Four years ago, I interviewed Miriam Ganze, a lifelong Democrat, about what she was hearing when she went door-knocking in her suburban Rochester, N.Y., neighbourhood. It was not good: For the first time ever, she was hearing crazy conspiracy theories, mainly about the Democratic nominee, Hillary Clinton. Some of her neighbours were actually shutting the door in her face. Still, Ms. Ganze hoped Ms. Clinton would become the first female president of her country.
We all know what happened. And Ms. Ganze has had to live with the result of that election, and the ensuing political divisions that are tearing up her country. This year, with suburban women representing a crucial demographic in the presidential election, I thought I’d check in with Ms. Ganze again, to understand what she’s seeing on the ground.
“It’s a frightening time, to say the least,” she says, and then laughs. “I’m sorry I don’t have better news.” The retired schoolteacher follows the news closely, so she knows that all the polls say that women favour Joe Biden over Donald Trump by a huge margin, as much as 25 points, but she also knows that women favoured Ms. Clinton over Mr. Trump. In the 2016 election, 53 per cent of white women ended up voting for Mr. Trump. (It was even higher among non-college-educated white women.)

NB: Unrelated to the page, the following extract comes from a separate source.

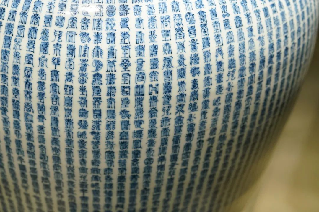 因此,先后化七年时间完成是可以想象的。尤其是青花钴料的渗透性,一笔写错,整罐报废。即使现在让人用易于操控的钢笔钞录,也难保一笔不错一字不误(前几年曾面世的仿品其中有塗改几字也是可以理解的)。
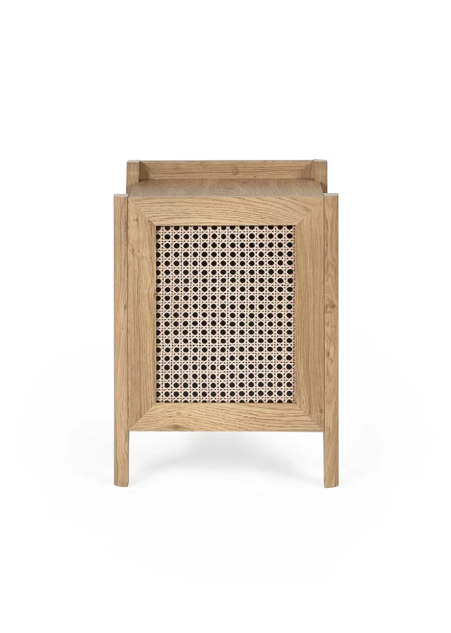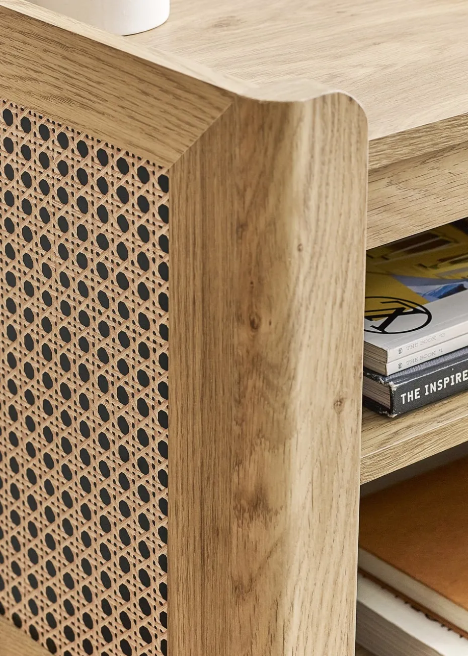 Showcasing a beautifully sleek design with a bohemian feel, the Sydney Lamp Table offers exquisitely curved edging accompanied by a raised lip around the edge providing a practical addition, stunningly combined with a rattan-effect sticker front. Finished with a natural oak effect featuring a removable shelf allowing you to store key essentials both on the top and bottom of the table. All around creating the perfect airy, warm feel within your home.

Ms. Ganze is understandably leery this time around. The Democrats have called off door-knocking because of COVID-19, so she hasn’t been able to go door-to-door to judge the level of crazy in this very weird year. But she has seen Trump banners, even in her heavily Democratic suburb of Irondequoit. On the other hand, she is hearing weariness with the President’s antics even among her less progressive friends: “There seem to be a lot more white women who see Trump for what he is. I see people who are changing, and that’s good.”
Those white suburban women and their shifting allegiances are one of the central narratives of this election. “In 2016, it was their surprising support for Trump that helped push him over the edge. But in the last four years, they’ve changed their minds in astonishing numbers,” said the New York Times' Lisa Lerer, reporting from Ohio on The Daily podcast. “The same group that helped give Trump his seat could take it away.”
Those women, alienated by Mr. Trump’s bullying, lies, corruption and disastrous handling of the COVID-19 crisis, have been organizing across the country. Some of them had no political experience, and in fact had been brought up to find such talk distasteful and divisive. They’re finding each other through social media, school groups, friend networks. Sometimes they’re in marriages where their husbands are staunch Trump supporters; now they’re pushing back. The members of one group, called Red Wine & Blue, have taken to posting ironic photos of themselves dressed as stereotypical moms from decades past, accompanied by the slogan: “The suburban housewives of Trump’s nightmares.”
They’re responding to the Trump campaign’s surprising strategy to win their votes by sending the President in a time machine back to 1955. “Suburban women, please like me,” he has said at rallies, in the wheedling tone of an overtired toddler. “The ‘suburban housewife’ will be voting for me,” he tweeted, in a message that managed to be both offensively racist and sexist. “They want safety & are thrilled that I ended the long running program where low income housing would invade their neighborhood.”
Then, at a rally in Michigan, he pleaded with women to support him because “we’re getting your husbands back to work.” He may have skipped the section of the pandemic briefing book that shows women’s careers were disproportionately harmed by the crisis. Perhaps it was on page two.
What the President has not realized is that suburban women are not quaking behind their gingham curtains, holding a rolling pin in fear of the looters' arrival. Yes, they are worried. They are worried about how the country is going to defeat a virus that currently has the upper hand. They’re worried about their jobs – and their husbands'. They’re worried about when their kids will return to school. And, by all accounts, they do not like the model the President sets for those kids, when he insults and demeans and lies.
There are, of course, an astonishing number of women who still support the President, and will vote for him despite the sea of red flags that should warn them off: the sexual assault allegations against him, the cruel contempt for female politicians and journalists (especially women of colour), the appointment of a pro-life justice to the nation’s highest court.
I noticed the depth of this support at a Trump rally in suburban Tampa in October, 2016. In the final weeks of the campaign, Ms. Clinton was supposed to have a solid lock on women voters, but I kept talking to Trump supporters who despised Ms. Clinton (and, in one case, believed she was a literal demon). On the grassy hillside of the amphitheatre, a young girl turned cartwheels, wearing a prisoner’s uniform, a rubber Hillary Clinton mask and a badge that said “lock her up.” I often think about that girl and what she’ll grow up to believe. It would be like escaping a cult.
By this time next week, we’ll know which way our neighbours are going. Straight on into the darkness, or will they have managed to correct course? If they do, it will be because a good portion of American women helped set the ship on a journey to the future, not the past.